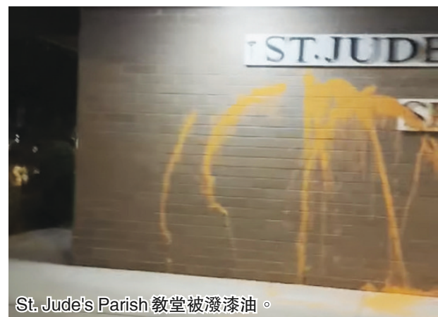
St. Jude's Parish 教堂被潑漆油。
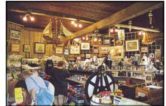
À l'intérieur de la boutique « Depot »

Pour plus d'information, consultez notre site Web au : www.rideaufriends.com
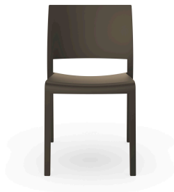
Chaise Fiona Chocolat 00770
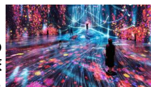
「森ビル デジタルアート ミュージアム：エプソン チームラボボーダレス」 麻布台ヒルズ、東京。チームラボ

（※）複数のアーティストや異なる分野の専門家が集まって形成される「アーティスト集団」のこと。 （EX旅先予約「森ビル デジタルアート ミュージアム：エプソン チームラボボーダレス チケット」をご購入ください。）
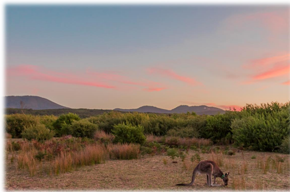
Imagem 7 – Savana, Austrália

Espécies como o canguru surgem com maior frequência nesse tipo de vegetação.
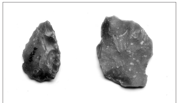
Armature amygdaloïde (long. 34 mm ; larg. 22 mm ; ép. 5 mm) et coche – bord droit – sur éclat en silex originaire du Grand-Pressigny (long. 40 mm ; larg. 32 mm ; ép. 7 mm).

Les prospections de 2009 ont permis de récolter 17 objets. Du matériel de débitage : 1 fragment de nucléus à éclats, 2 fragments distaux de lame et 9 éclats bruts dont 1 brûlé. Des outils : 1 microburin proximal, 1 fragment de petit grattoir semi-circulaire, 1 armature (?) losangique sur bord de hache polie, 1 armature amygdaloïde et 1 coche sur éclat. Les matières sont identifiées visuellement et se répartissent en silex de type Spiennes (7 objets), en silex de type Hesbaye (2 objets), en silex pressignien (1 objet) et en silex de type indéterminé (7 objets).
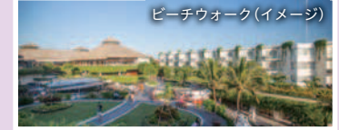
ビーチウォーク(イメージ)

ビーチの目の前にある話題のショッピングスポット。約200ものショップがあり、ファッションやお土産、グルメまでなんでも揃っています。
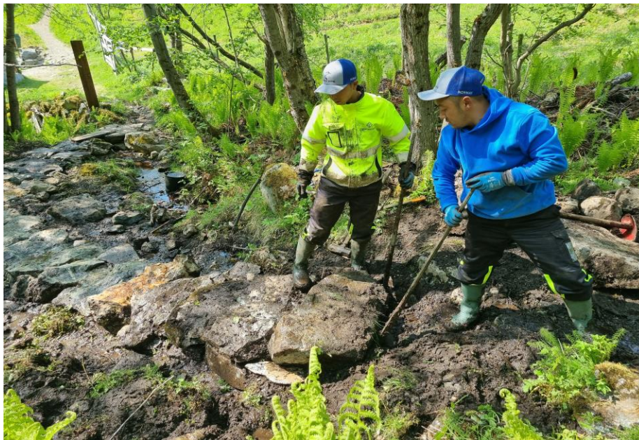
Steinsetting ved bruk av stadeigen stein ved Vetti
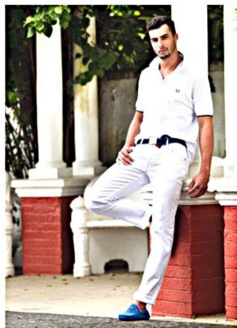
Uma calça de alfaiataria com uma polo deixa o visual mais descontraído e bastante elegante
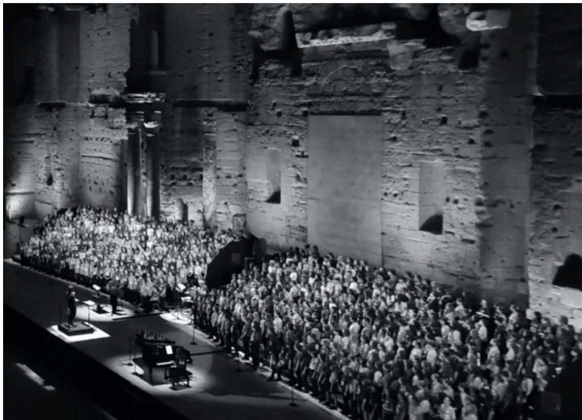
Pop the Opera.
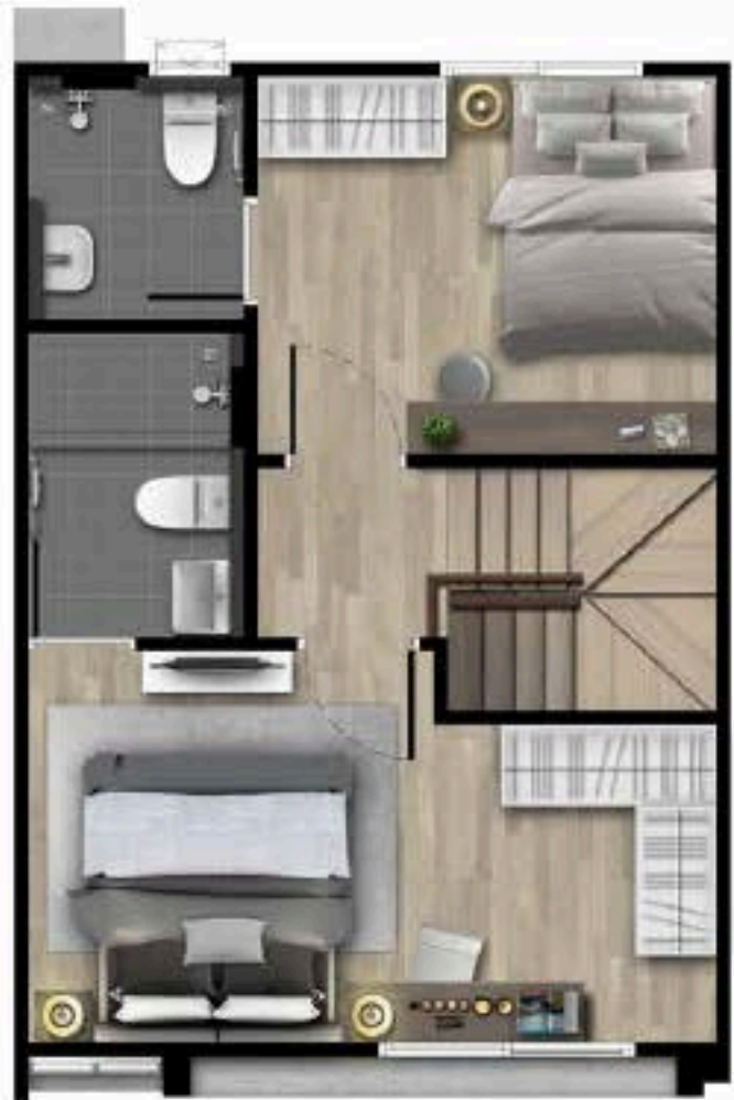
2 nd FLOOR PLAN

> [What is expected]
Give back, unaltered, each line of the listing from the first to the line that contains "ビーチウォーク(イメージ)", leaving every picture out.

> [Finished exercise]
St. Jude's Parish 教堂被潑漆油。
À l'intérieur de la boutique « Depot »

Pour plus d'information, consultez notre site Web au : www.rideaufriends.com
Chaise Fiona Chocolat 00770
「森ビル デジタルアート ミュージアム：エプソン チームラボボーダレス」 麻布台ヒルズ、東京。チームラボ

（※）複数のアーティストや異なる分野の専門家が集まって形成される「アーティスト集団」のこと。 （EX旅先予約「森ビル デジタルアート ミュージアム：エプソン チームラボボーダレス チケット」をご購入ください。）
Imagem 7 – Savana, Austrália

Espécies como o canguru surgem com maior frequência nesse tipo de vegetação.
Armature amygdaloïde (long. 34 mm ; larg. 22 mm ; ép. 5 mm) et coche – bord droit – sur éclat en silex originaire du Grand-Pressigny (long. 40 mm ; larg. 32 mm ; ép. 7 mm).

Les prospections de 2009 ont permis de récolter 17 objets. Du matériel de débitage : 1 fragment de nucléus à éclats, 2 fragments distaux de lame et 9 éclats bruts dont 1 brûlé. Des outils : 1 microburin proximal, 1 fragment de petit grattoir semi-circulaire, 1 armature (?) losangique sur bord de hache polie, 1 armature amygdaloïde et 1 coche sur éclat. Les matières sont identifiées visuellement et se répartissent en silex de type Spiennes (7 objets), en silex de type Hesbaye (2 objets), en silex pressignien (1 objet) et en silex de type indéterminé (7 objets).
ビーチウォーク(イメージ)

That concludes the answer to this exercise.